Material for this exercise
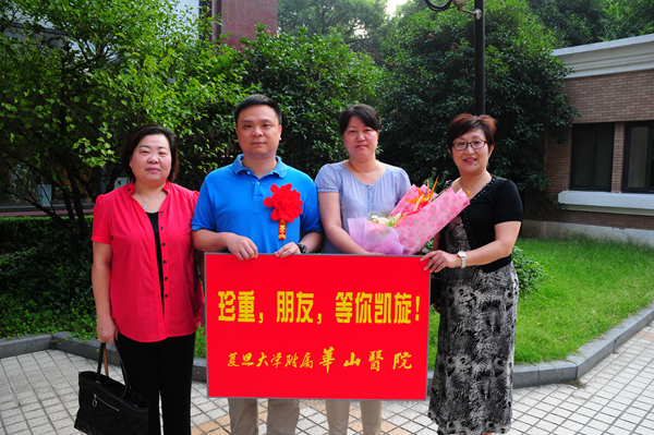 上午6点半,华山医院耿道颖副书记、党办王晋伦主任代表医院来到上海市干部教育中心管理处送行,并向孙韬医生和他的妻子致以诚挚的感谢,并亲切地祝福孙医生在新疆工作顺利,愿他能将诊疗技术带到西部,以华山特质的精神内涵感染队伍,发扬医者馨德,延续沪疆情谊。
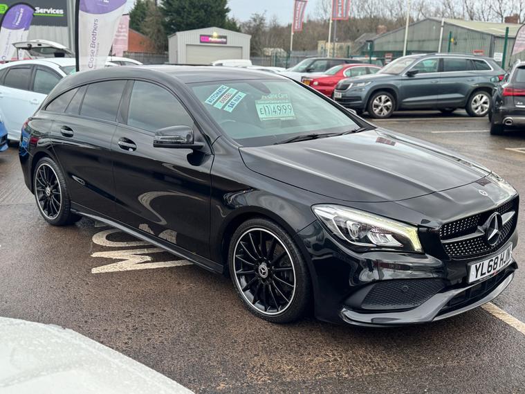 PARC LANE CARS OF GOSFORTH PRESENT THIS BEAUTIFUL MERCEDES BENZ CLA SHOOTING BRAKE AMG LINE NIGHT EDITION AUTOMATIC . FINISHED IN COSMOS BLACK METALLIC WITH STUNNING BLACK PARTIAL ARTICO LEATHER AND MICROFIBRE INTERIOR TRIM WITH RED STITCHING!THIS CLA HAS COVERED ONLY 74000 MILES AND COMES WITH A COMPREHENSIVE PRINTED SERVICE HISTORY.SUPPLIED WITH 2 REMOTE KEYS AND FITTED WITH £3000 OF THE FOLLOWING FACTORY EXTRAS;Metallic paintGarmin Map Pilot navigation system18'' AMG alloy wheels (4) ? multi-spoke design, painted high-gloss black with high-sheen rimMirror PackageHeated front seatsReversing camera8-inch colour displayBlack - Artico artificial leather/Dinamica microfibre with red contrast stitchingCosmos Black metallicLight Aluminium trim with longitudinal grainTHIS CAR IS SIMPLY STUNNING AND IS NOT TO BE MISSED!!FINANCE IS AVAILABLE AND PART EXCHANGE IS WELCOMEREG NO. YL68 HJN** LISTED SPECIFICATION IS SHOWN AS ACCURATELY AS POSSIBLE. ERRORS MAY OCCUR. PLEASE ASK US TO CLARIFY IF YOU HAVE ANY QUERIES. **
--
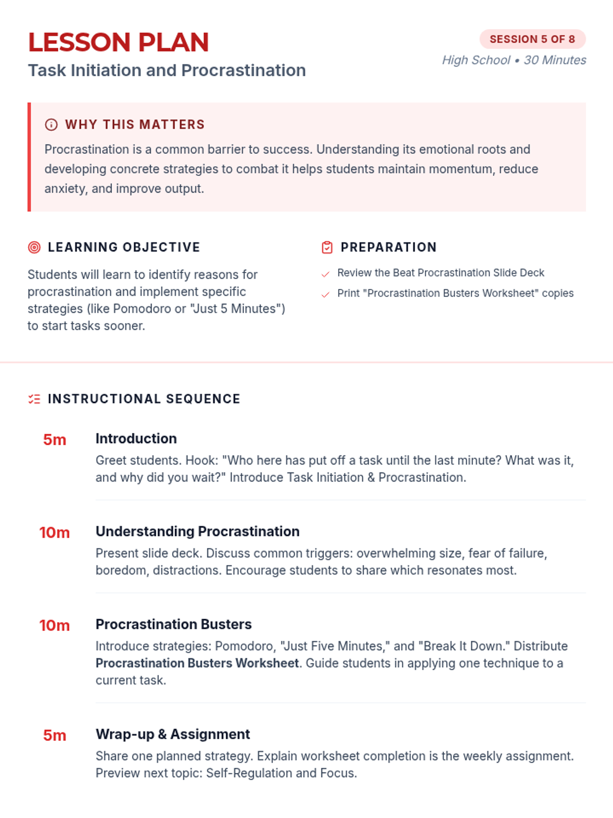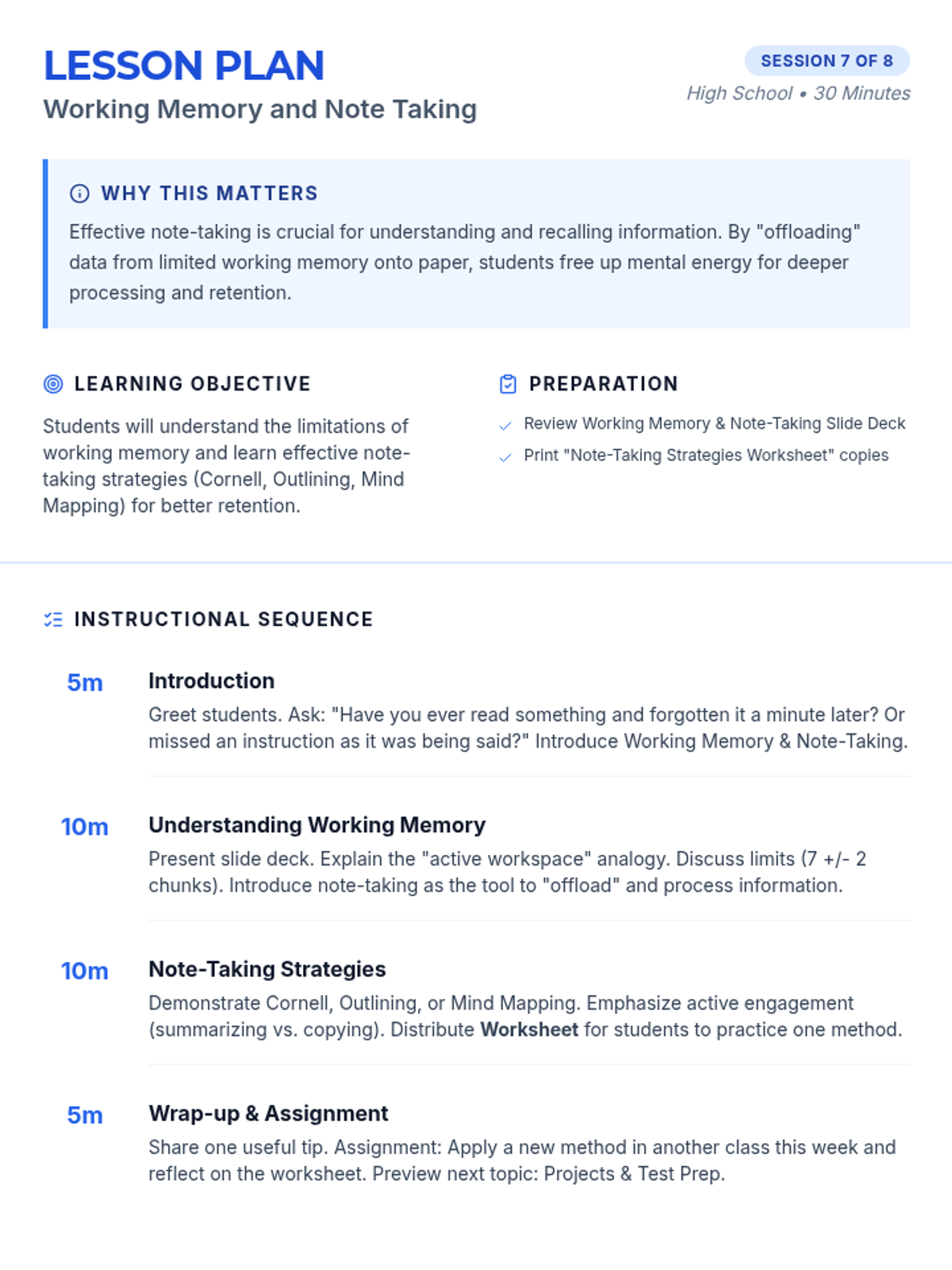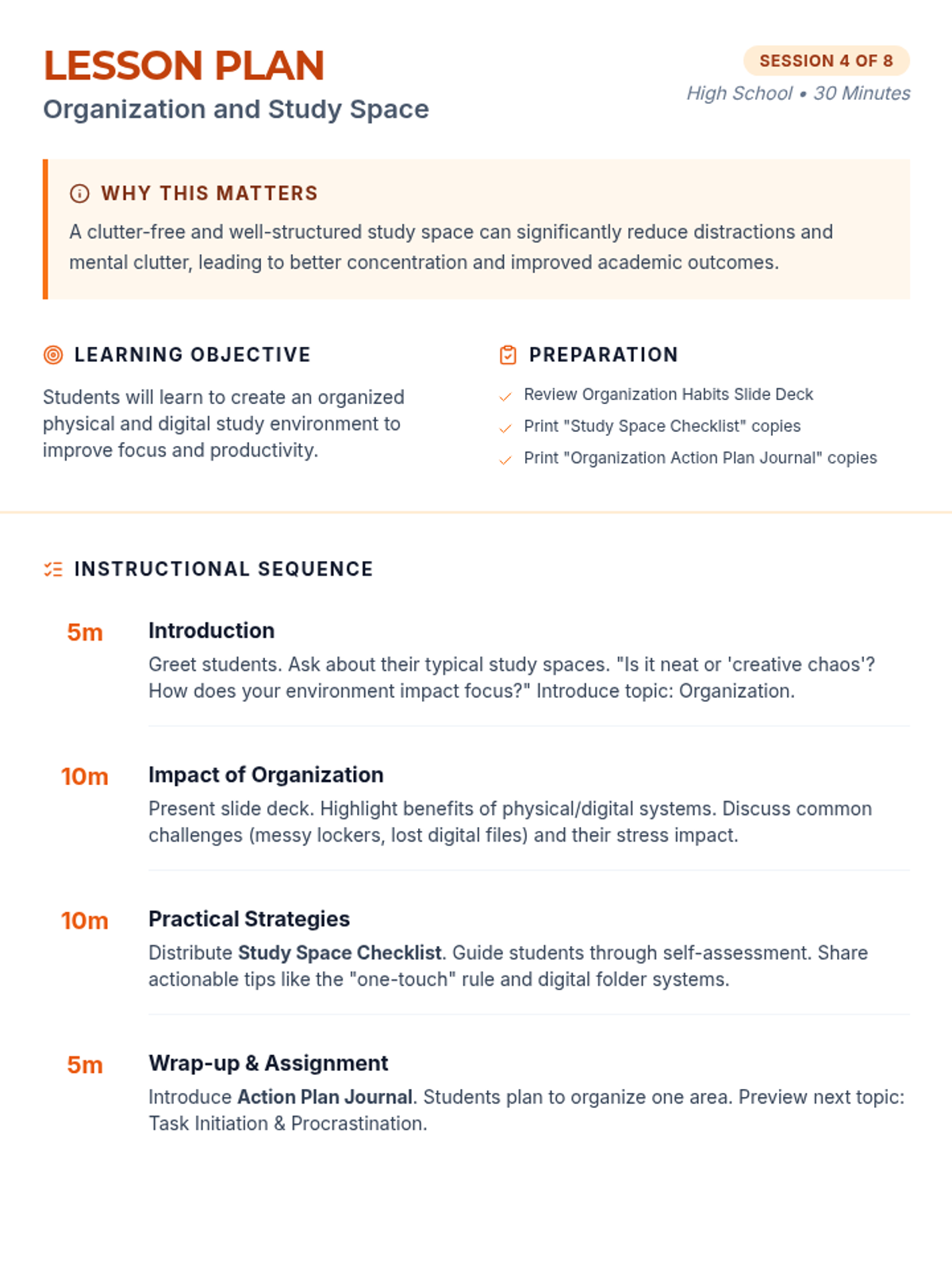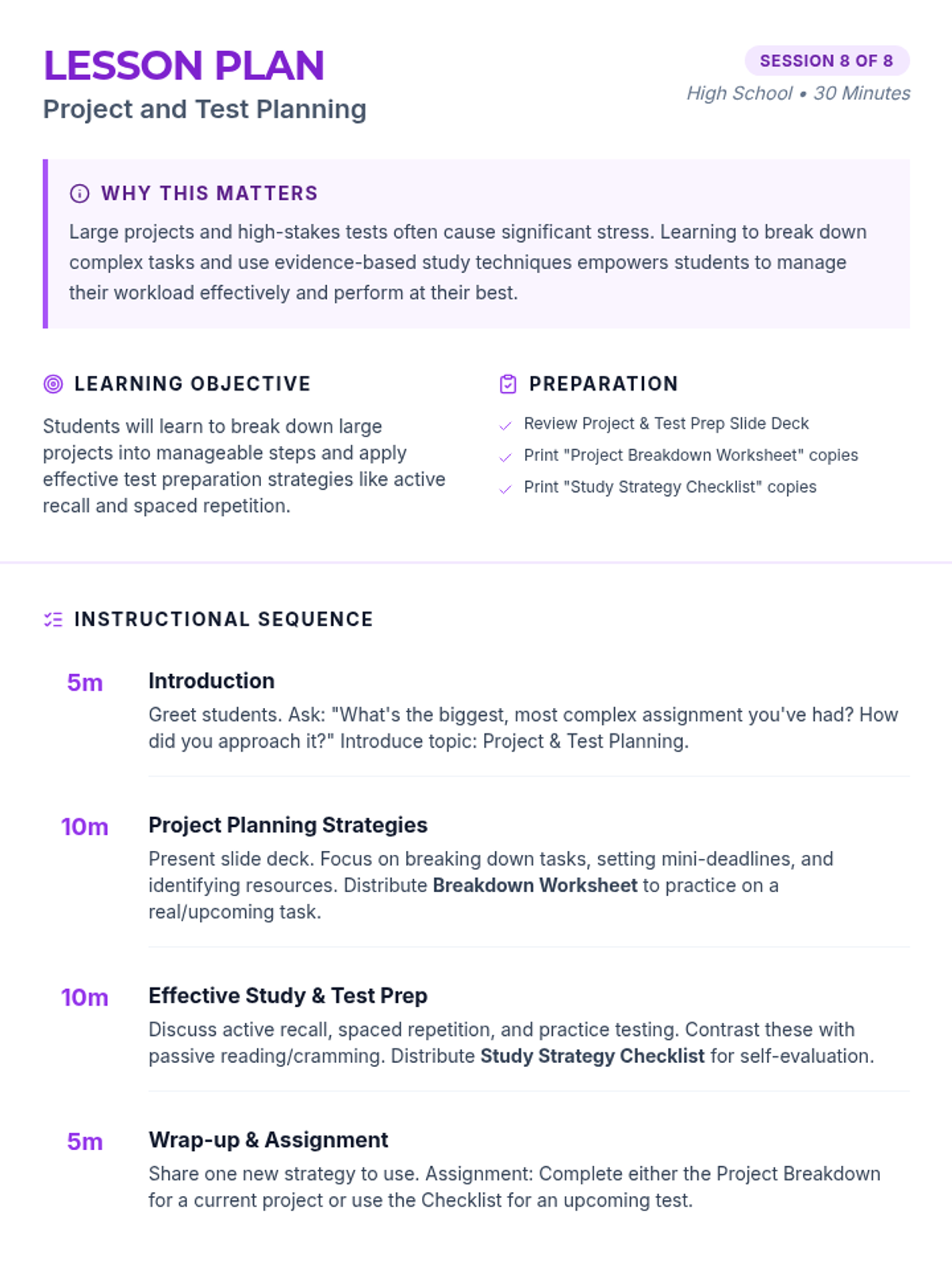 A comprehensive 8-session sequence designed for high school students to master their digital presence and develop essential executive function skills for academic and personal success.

Instructions to follow
Word for word, restate the lines above from the one with "上午6点半,华山医院耿道颖副" through the one with "PARC LANE CARS", keeping both ends and dropping the pictures.

Response box
 上午6点半,华山医院耿道颖副书记、党办王晋伦主任代表医院来到上海市干部教育中心管理处送行,并向孙韬医生和他的妻子致以诚挚的感谢,并亲切地祝福孙医生在新疆工作顺利,愿他能将诊疗技术带到西部,以华山特质的精神内涵感染队伍,发扬医者馨德,延续沪疆情谊。
 PARC LANE CARS OF GOSFORTH PRESENT THIS BEAUTIFUL MERCEDES BENZ CLA SHOOTING BRAKE AMG LINE NIGHT EDITION AUTOMATIC . FINISHED IN COSMOS BLACK METALLIC WITH STUNNING BLACK PARTIAL ARTICO LEATHER AND MICROFIBRE INTERIOR TRIM WITH RED STITCHING!THIS CLA HAS COVERED ONLY 74000 MILES AND COMES WITH A COMPREHENSIVE PRINTED SERVICE HISTORY.SUPPLIED WITH 2 REMOTE KEYS AND FITTED WITH £3000 OF THE FOLLOWING FACTORY EXTRAS;Metallic paintGarmin Map Pilot navigation system18'' AMG alloy wheels (4) ? multi-spoke design, painted high-gloss black with high-sheen rimMirror PackageHeated front seatsReversing camera8-inch colour displayBlack - Artico artificial leather/Dinamica microfibre with red contrast stitchingCosmos Black metallicLight Aluminium trim with longitudinal grainTHIS CAR IS SIMPLY STUNNING AND IS NOT TO BE MISSED!!FINANCE IS AVAILABLE AND PART EXCHANGE IS WELCOMEREG NO. YL68 HJN** LISTED SPECIFICATION IS SHOWN AS ACCURATELY AS POSSIBLE. ERRORS MAY OCCUR. PLEASE ASK US TO CLARIFY IF YOU HAVE ANY QUERIES. **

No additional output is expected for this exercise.